How does the Horizontal Pod Autoscaler work?
The Horizontal Pod Autoscaler is implemented as a Kubernetes API resource and a controller. The resource determines the behavior of the controller. The controller periodically adjusts the number of replicas in a replication controller or deployment to match the observed average CPU utilization to the target specified by user.
To learn more about how Kubernetes HPA works you can read this detailed article from the official kubernetes.io.
The most common example of the HPA configurations are based on CPU/Memory utilisation metrics provided by metrics-server. In this article I'll give an example of scaling up/down a Kubernetes deployment based on application-specific custom metrics. The application will be a Node.js (Express) server with WebSockets support and the goal will be to scale up/down the deployment based on number of connected clients (connections count).
To achieve this goal, this post will focus on:
- Creating a demo app with WebSocket support.
- Integrating prometheus-client to expose WebSocket stats as a prometheus metric.
- Configuring Prometheus to harvest the exposed metrics.
- Setting up prometheus-adapter to convert the prometheus metric to HPA complaint metric.
- Configuring HPA to utilise and consume the complaint metric.
Creating a demo app with WebSocket support
The following code will create a demo Express app and integrate WebSocket on /ws/
path.
https://github.com/shebang-labs/websocket-prometheus-hpa-example/blob/main/app.js
Integrating prometheus-client to expose WebSocket stats as a prometheus metric
The following code will integrate a prometheus client and expose a prometheus standard/complaint websockets_connections_total
metric on port 9095. Next step is to guide prometheus to start harvesting and collecting this metric and persist the stats over time.

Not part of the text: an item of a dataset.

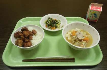 今日のメニューは、ご飯、歯鰹(はがつお)のコロコロ揚げ、野菜の磯あえ、豚汁、牛乳です。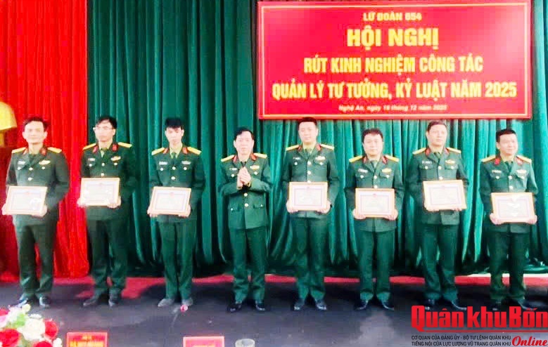 Ngày 18/12/2025, Lữ đoàn 654, Cục Hậu cần - Kỹ thuật Quân khu 4 tổ chức Hội nghị rút kinh nghiệm công tác quản lý tư tưởng, kỷ luật năm 2025. Đại tá Nguyễn Tiến Sỹ, Bí thư Đảng ủy, Chính ủy Lữ đoàn chủ trì Hội nghị; Dự và chỉ đạo Hội nghị có đồng chí Đại tá Hà Huy Hoàng, Chủ nhiệm Chính trị Cục Hậu cần - Kỹ thuật Quân khu 4; các đồng chí trong Thường vụ Đảng ủy, Chỉ huy Lữ đoàn; đại biểu Phòng Chính trị, Phòng Tham mưu, Cục Hậu cần - Kỹ thuật; cùng đại biểu các cơ quan, đơn vị trực thuộc Lữ đoàn.

https://github.com/shebang-labs/websocket-prometheus-hpa-example/blob/main/app.js
Configuring Prometheus to harvest the exposed metrics
In this stage, I will use Helm to deploy prometheus on the kubernetes cluster. First, we need to add the helm repo for prometheus using this command:
helm repo add prometheus-community https://prometheus-community.github.io/helm-charts
Then we can install prometheus with a persistent volume to store and persist the metrics data over time with the following command:
helm upgrade --install prometheus prometheus-community/prometheus --namespace prometheus --set alertmanager.persistentVolume.storageClass="gp2",server.persistentVolume.storageClass="gp2"
At this point we should have the prometheus components up and running perfectly on the kubernetes clsuter on the prometheus
namespace as shown in the following:
Prometheus Namespace (Kubernetes)
To guide prometheus to start scraping/collecting the application exposed metric websockets_connections_total
over time, we need to annotate the pod which runs the Express app with the following annotations:
prometheus.io/scrape: 'true'
prometheus.io/port: '9095'
So the application deployment would look something like:
https://github.com/shebang-labs/websocket-prometheus-hpa-example/blob/main/deployment.yaml
Setting up prometheus-adapter to convert the prometheus metric to HPA complaint metric
At this stage Prometheus is scraping the metrics every 1 second from port 9095 from all pods in this deployment. To verify this, you can port-forward the prometheus server to localhost and access its query/dashboard UI using the following command:
kubectl --namespace=prometheus port-forward deploy/prometheus-server 9090
which will make the dashboard accessible on localhost:9090
. Then you can search for websockets_connections_total
to see the scraped metrics over time as shown here:
In this example the query returned 2 graphs as there are 2 pods in this deployment generating different websockets_connections_total
values. One of the pods has 1-2 websocket connections overtime and the other has 0 connections.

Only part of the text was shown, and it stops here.